Subsidies are seldom a good continuous strategy for national economies. Goods and services have opportunity costs associated with them: for gasoline, there is a specific cost involved in extracting the crude oil, refining it, getting it to your local petrol station, and paying the salaries of all the many people along the supply chain. When the government indefinitely shoulders a substantial burden of that cost, two things happen. First, they’re effectively mortgaging their future for short-term satisfaction. Citizens are of course happy to have cheaper petrol, but their nation’s debt is growing to cover the cost of that immediate gratification. The piper will be paid – one way or another. The government here seems to be recognising this reality and is responding correctly as part of an ongoing plan to reform subsidies in Malaysia. Second, subsidizing a commodity serves as a strong disincentive for people to conserve it. (In fact, subsidies are generally used to actually encourage consumption of a particular product.) If petrol is cheaper than soda, and far cheaper than milk, where is the motivation to conserve? In Malaysia, we have a number of cheap things of which we’d be better off by using less: petrol, electricity, water, and sugar come to mind. It’s probably no coincidence that Malaysia subsidizes refined sugar – hardly a product that’s essential to life or even people’s quality of living – and that it also has the highest rates of obesity and diabetes in the ASEAN region. Laudably, the government rolled back a bit of its sugar subsidy about a year ago, but bags of the sweet stuff are still much cheaper here than in poorer countries like Indonesia and the Philippines. Any subsidy resulting in commodities prices being far lower than those in neighbouring countries inevitably leads to smuggling and corruption, too. Ultimately, subsidies can hurt the very people they were initially enacted to serve. Malaysia should be commended for taking steps to reduce these subsidies. It will, in the long term, lead to a better quality of life for Malaysians.

Consider Norway as an example. This oil-producing country doesn’t subsidize its fuel prices at all; in fact, Norwegian motorists pay a staggering RM8.62 per litre for petrol, the world’s second-highest price at the pump, making that new RM2.10 price point here look downright miserly. Instead of using its oil profits to subsidize petrol, Norway uses those funds to provide for its citizens in the form of infrastructure improvements and free college education.
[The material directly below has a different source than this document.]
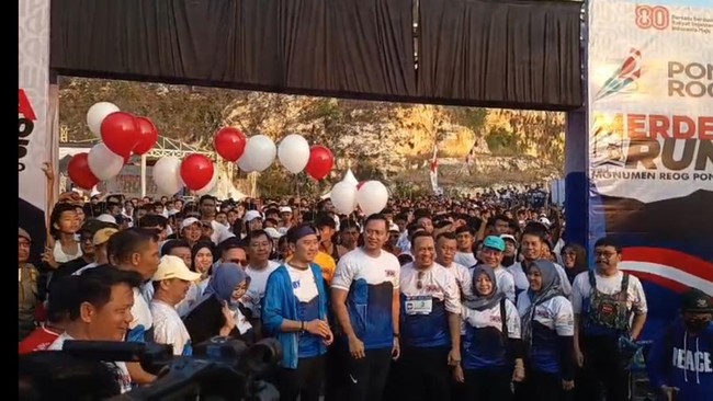 "Hari ini saya berbahagia bersama Mas Ibas, Pak Bupati Ponorogo, Pak Nyoman Hadi Ketua BPK, juga sesmenko perekonomian. Kita semua berkumpul bersama warga Ponorogo melakukan Merdeka Run," kata AHY usai berlari.
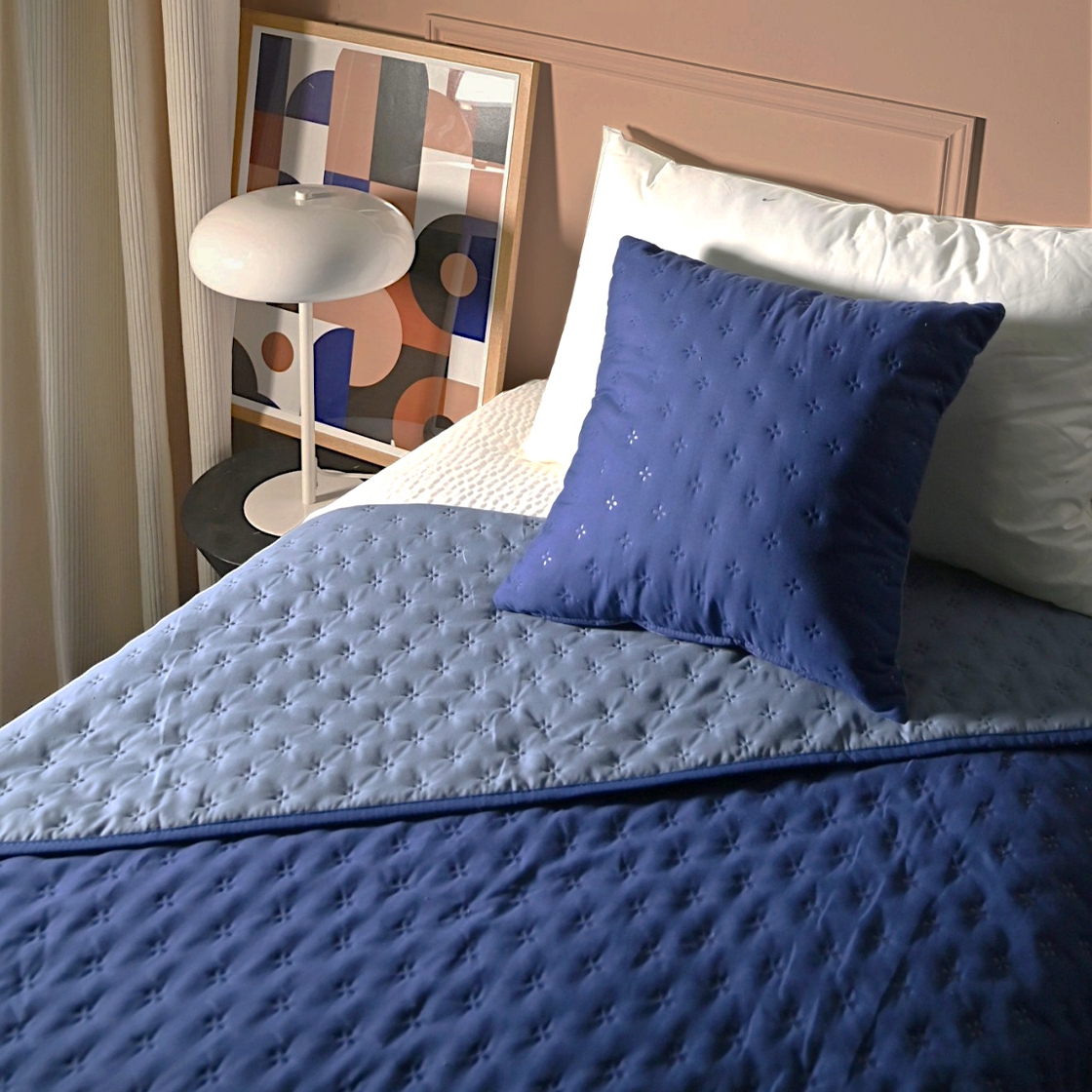 Le couvre-lit Jill est un plaid matelassé double face qui présente l'endroit d'un coloris et l'envers d'un autre coloris. Très doux, ses bords son cousus avec un biais et ses quatre coins sont arrondis.

This educated workforce ultimately results in soaring per capita incomes of almost RM950 per day, so Norwegians are able to absorb the high cost of petrol with ease, and the country features at or near the top of nearly every global quality of life/ happiness/development list.

Of course that isn’t to say that simply by eliminating subsidies, a country will rocket to the top ranks and all its citizens will enjoy fat salaries, but by reducing petrol subsidies, the Malaysian government has shown that it’s looking out for the longterm interests of the country and is taking steps to push Malaysia into the realm of fully developed, high-income nations.